Flores Settlement Agreement

Updated October, 2020

In 1985, two organizations filed a class-action lawsuit on behalf of immigrant children detained by the former Immigration and Naturalization Service (INS) challenging procedures regarding the detention, treatment, and release of children. After many years of litigation, including an appeal to the United States Supreme Court, the parties reached a settlement in 1997.

The Flores Settlement Agreement imposed several obligations on the immigration authorities.

  • The government is required to release children from immigration detention in this priority of preference:
  • Parents, other adult relatives as well as licensed programs willing to accept custody.

Where a suitable placement is not immediately available, the government is obligated to place children in the “least restrictive” setting.

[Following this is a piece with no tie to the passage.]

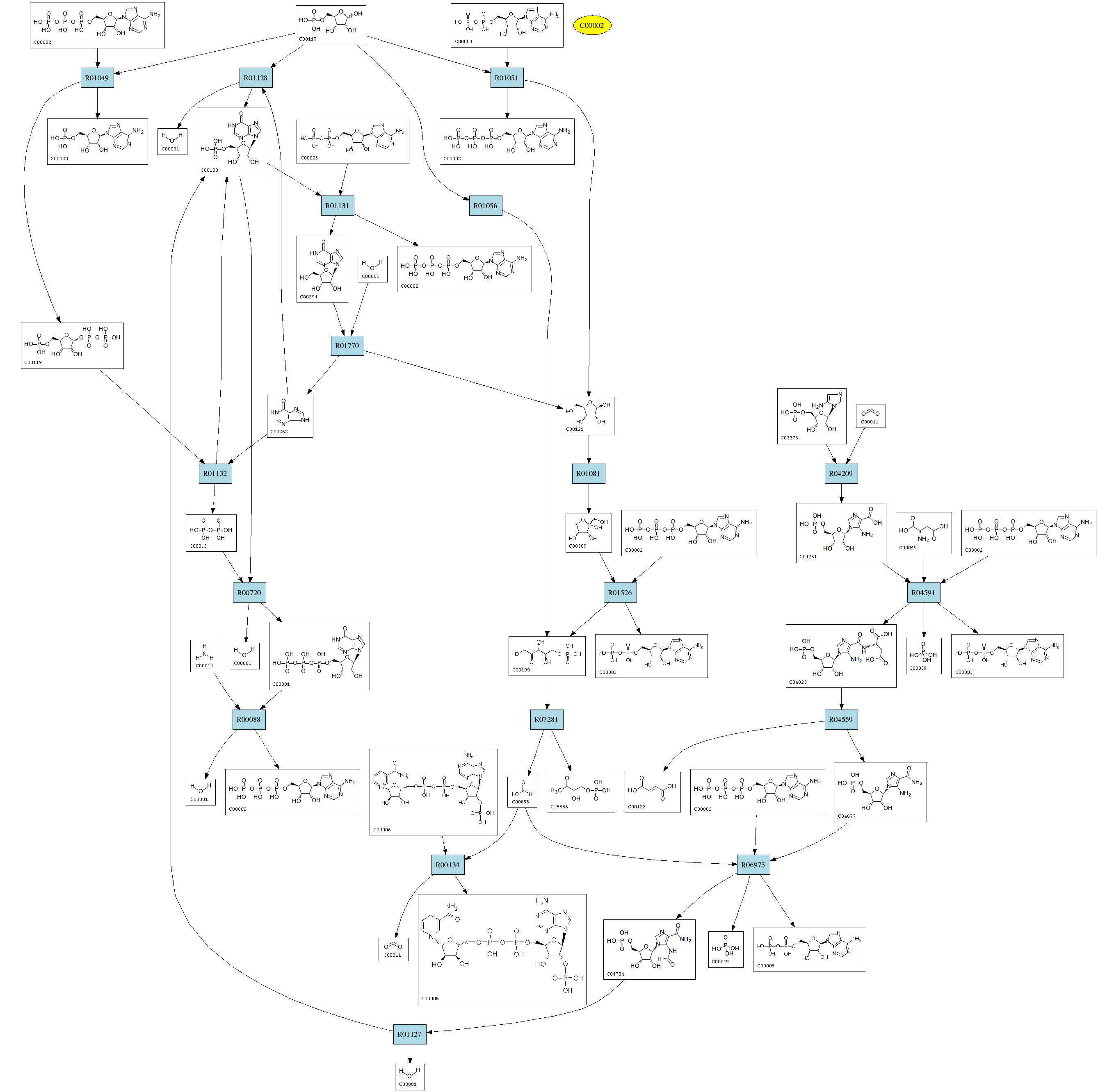 | RP01319 | R01127 | 0 | H2O; + IMP; <=> 1-(5'-Phosphoribosyl)-5-formamido-4-imidazolecarboxamide; |

The Unaccompanied Alien Children program was transferred to the Office of Refugee Resettlement (ORR) by the Homeland Security Act of 2002, effective on March 1, 2003. Once the ORR assumed responsibility, the Flores Settlement was implemented.

  • Facts You Should Know

  • 2014: the federal government responded to an increase in the number of children seeking protection at the border by increasing the number of family detention beds from 90 to 3,700. The government pursued an policy of incarcerating thousands of families while attempting to block their release on bond or parole.
  • 2015: U.S. District Court for the Central District of California rules that the federal government’s family detention policy violated the terms of the Flores Settlement Agreement.
  • 2016: U.S. Court of Appeals for the Ninth Circuit affirms that the Flores Agreement applies to accompanied minors in addition to unaccompanied minors.
  • 2017: The District Court finds that the government is failing to comply with its obligations under Flores.
  • 2018: The Administration has sought to expand and entrench the use of family incarceration. Two executive orders by President Trump, issued in January 2017 and in June 2018, called for the incarceration of asylum seekers and migrants for the pendency of their immigration cases.
  • 2019: U.S. District Court Judge Dolly M. Gee issued a permanent injunction, blocking the government from implementing new regulations that would expand its ability to detain migrant children with their parents for indefinite periods of time. The Justice Department had urged the judge to allow the Trump administration to withdraw from the Flores Settlement Agreement. (Flores v. Barr, 9/27/19). Her decision was sent to the Ninth Circuit Court of Appeals.
  • 2020: the Ninth Circuit Court of Appeals “vacated” oral arguments that had been scheduled for April due to COVID-19.